The mathematical model we use to extract a set of unknown topics from a set of documents is called "Latent Dirichlet Allocation". Roughly speaking, it assumes that
* Each topic is characterized by a distribution over some vocabulary.
* Each document is generated as follows:
    * randomly select the number of words in the document;
    * randomly select a distribution of topics for this document;
    * generate each word in the document by first choosing a topic according to the chosen topic distribution, and then choose the word according to the vocabulary distribution that the topic defines.
    
When we *fit* the model to a set of documents, we aim to recover the topic-word probabilities, as well as the document-topic probabilities. You can read more about LDA here: https://www.seas.harvard.edu/courses/cs281/papers/blei-ng-jordan-2003.pdf.

In [1]:
#Necessary imports
import nltk
import numpy as np
import os
import pandas as pd
import pyLDAvis
import re
import string
import warnings
import zipfile

from nltk import pos_tag
from nltk.corpus import stopwords
from nltk.corpus import wordnet
from nltk.stem.wordnet import WordNetLemmatizer
from nltk.tokenize import word_tokenize
from sklearn.decomposition import LatentDirichletAllocation as LDA

## Text preprocessing and model fitting


In what follows, we preprocess the text files. This involves tokenizing the documents (i.e. splitting the raw text into a list of words), removing common stopwords (such as "the", "that", etc which do not contain a lot of information), stemming words (i.e. reducing them to their "root": for example "navigates" might be stemmed to "navigate") and only keeping nouns. There are many ways to go about text preprocessing -  this is only a "quick and dirty" way of preprocessing the files! For this task, we'll use the `nltk` library (Natural Language Toolkit) which contains a set of very useful tools for text processing. More guidelines on how to preprocess text data can be found here: https://de.dariah.eu/tatom/preprocessing.html.

In [2]:
nltk.download('stopwords', quiet=True);
nltk.download('wordnet', quiet=True);
nltk.download('averaged_perceptron_tagger', quiet=True);
nltk.download('punkt', quiet=True);

In [3]:
#Read in the data
docs = []
with zipfile.ZipFile('data/ap.zip', 'r') as zip_file:
    for file_name in zip_file.namelist():
        with zip_file.open(file_name) as f:
            for line in f:
                docs.append(str(line))

In [4]:
#Define a function that converts a Part Of Speech tag
#(aka POS tag - see https://en.wikipedia.org/wiki/Part-of-speech_tagging) tag  
#to a format understandable by the Wordnet Lemmatizer. 

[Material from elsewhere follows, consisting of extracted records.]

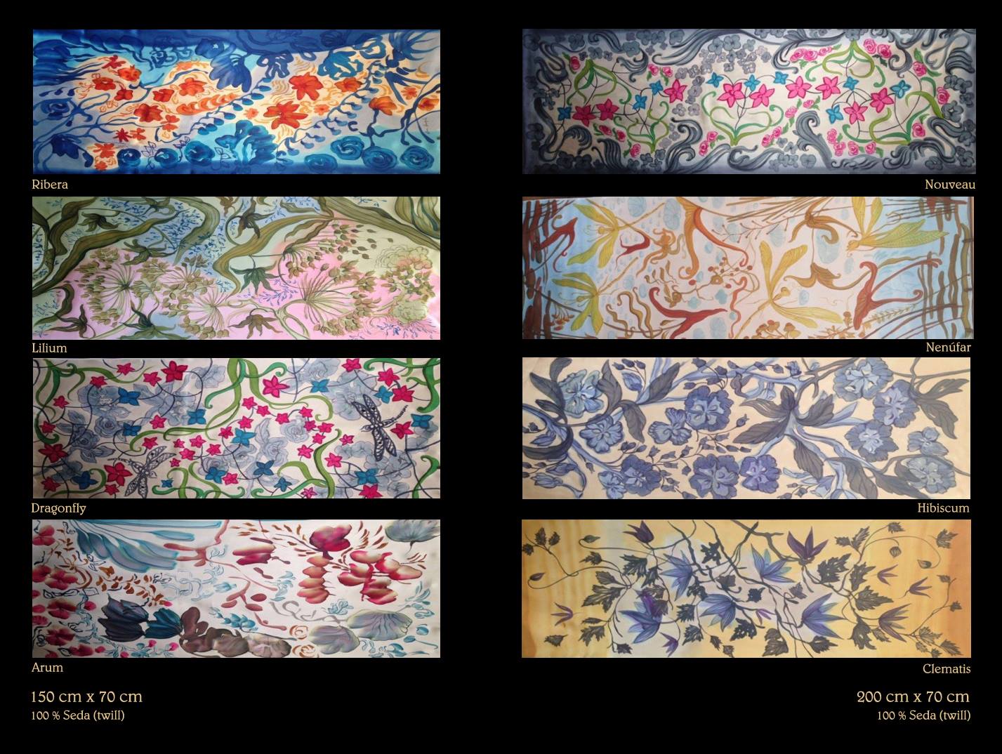 Así, cada pañuelo retrata y refleja, es más que un complemento: es vegetación acogedora, viento cálido, agua espejeada, silencio interior, paseo lírico y comprensión intuitiva plasmada en un tejido único, fruto de una de las más hermosas transformaciones de un ser vivo sobre la tierra: la crisálida se transforma en mariposa y la seda se transforma en obra de arte.
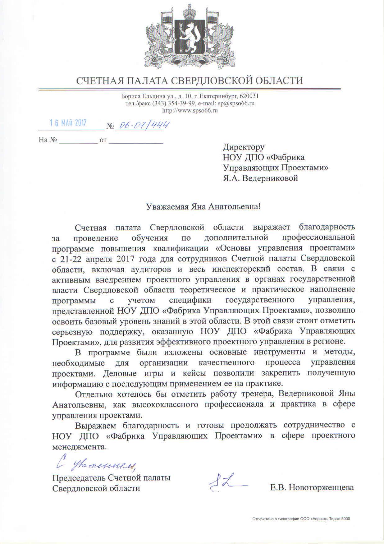Отзыв об услуге. Счётная палата Свердловской области
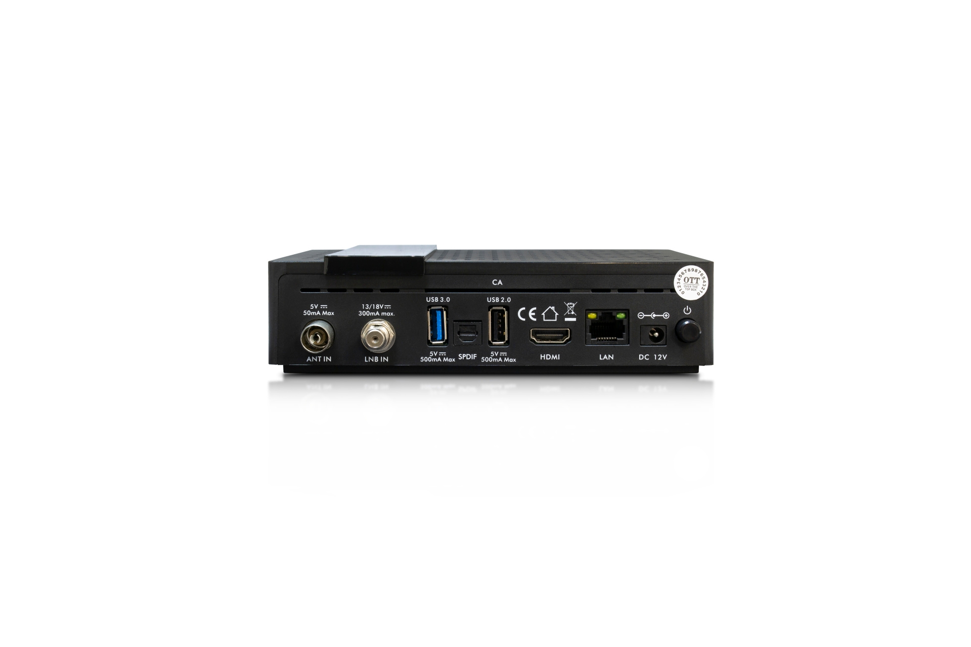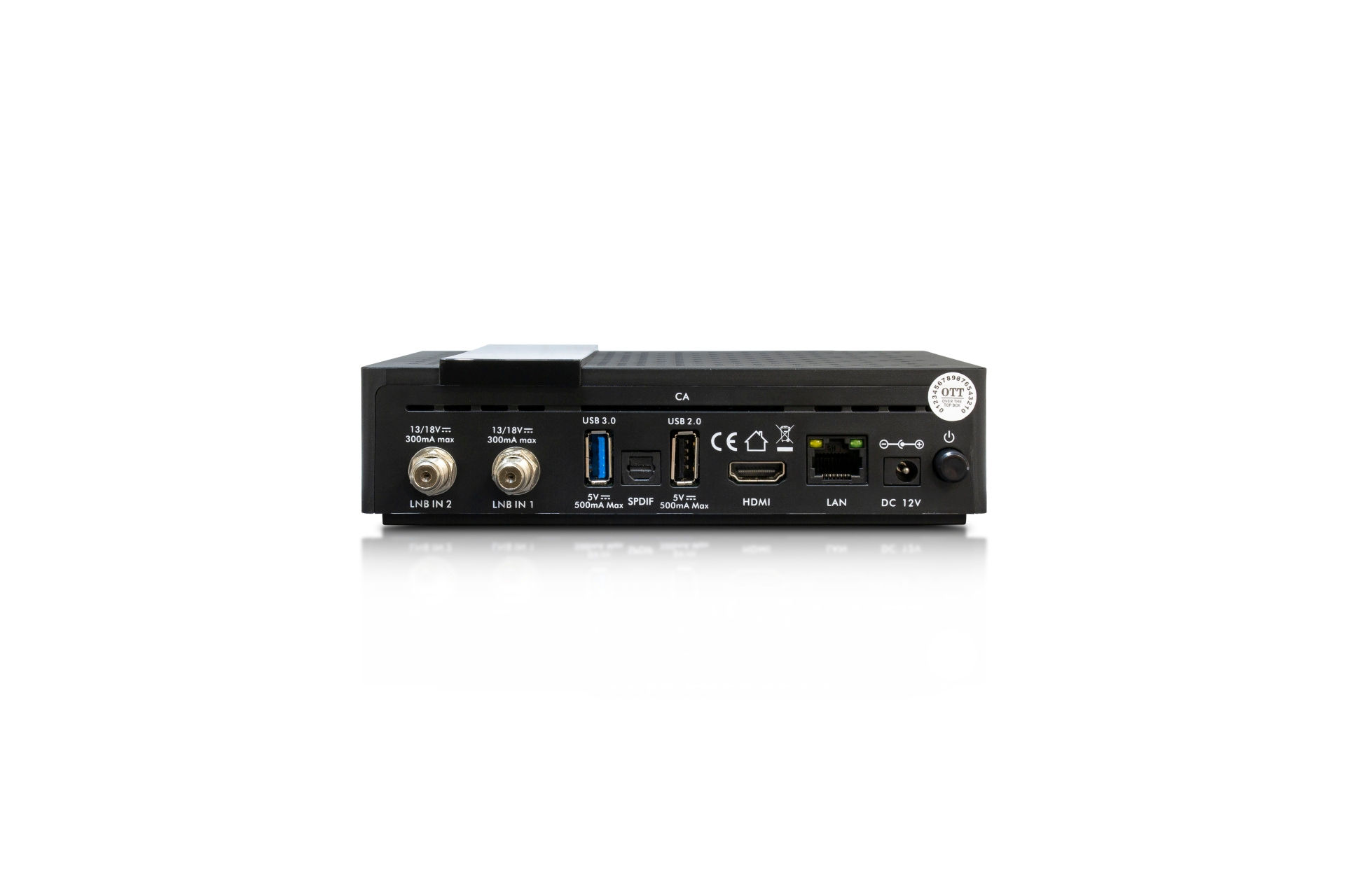 Vzadu sú v prípade verzie TWO dva satelitné tunery DVB-S2X, ďalej je tu slot pre čítačku kariet CA, port USB 3.0, USB 2.0, optický výstup zvuku S/PDIF, HDMI pripojenie, ethernet RJ45 a konektor pre 12 V externý zdroj + sieťový vypínač. Na boku sa nachádza slot na microSD kartu, na ktorú môžete nahrávať vysielanie. Nahrávky môžete ukladať aj na externý disk alebo USB kľúč. Preferovali sme nahrávanie na microSD kartu, na 32 GB kartu zmestíte viac ako 12 hodín nahrávok.

def get_wordnet_pos(treebank_tag):
    """Convert a POS tag into a format understandable by the Wordnet lemmatizer."""
    if treebank_tag.startswith('J'):
        return wordnet.ADJ
    elif treebank_tag.startswith('V'):
        return wordnet.VERB
    elif treebank_tag.startswith('N'):
        return wordnet.NOUN
    elif treebank_tag.startswith('R'):
        return wordnet.ADV
    else:
        return ''

In [5]:
#Preprocessing function to apply to each document
lemmatiser = WordNetLemmatizer()
punct = string.punctuation
s=set(stopwords.words('english'))

def process(doc):
    words = word_tokenize(doc)
    words = [x.lower() for x in words]
    words_pos = pos_tag(words)
    words = [lemmatiser.lemmatize(x[0], pos = get_wordnet_pos(x[1])) 
             for x in words_pos if (len(x[0]) >=3) and (not x[0] in s) and x[1] == 'NN' 
             and not any(char in punct for char in x[0])]
    return words


In [6]:
#Process the documents
docs = [process(x) for x in docs]

In [7]:
#Create the vocabulary
vocab = set([])
for words in docs:
    vocab |= set(words)
vocab=list(vocab)

In [8]:
#Create a dictionary relating a word to its index in vocab
word_index_tuples = zip(vocab, [i for i in range(len(vocab))])
word_to_index =  dict(word_index_tuples)

In [9]:
#Create the doc_word_freq matrix
doc_word_freq = []
for words in docs:
    word_freq = np.zeros(len(vocab))
    for w in words:
        word_freq[word_to_index[w]] += 1
    doc_word_freq.append(word_freq)
doc_word_freq = np.array(doc_word_freq)

Now that we are done preparing the data, let us fit the model. This might take a while.

In [10]:
lda = LDA(n_topics=10,
          max_iter=100, 
          learning_method='online', 
          learning_offset=10.,
          random_state=0,
          n_jobs = 1,
          evaluate_every=1,
          verbose=0).fit(doc_word_freq)

## Visualisation

You will find below an interactive visualisation of the topics discovered by the LDA algorithm. On the left-hand side, each topic is displayed in such a way that similar topic are closer to each other. The relative size of the topics indicate their relative prevalence amongst all the documents. When clicking on a topic, a list of terms for this topic is displayed on the right-hand side, in increasing order of *relevance*. 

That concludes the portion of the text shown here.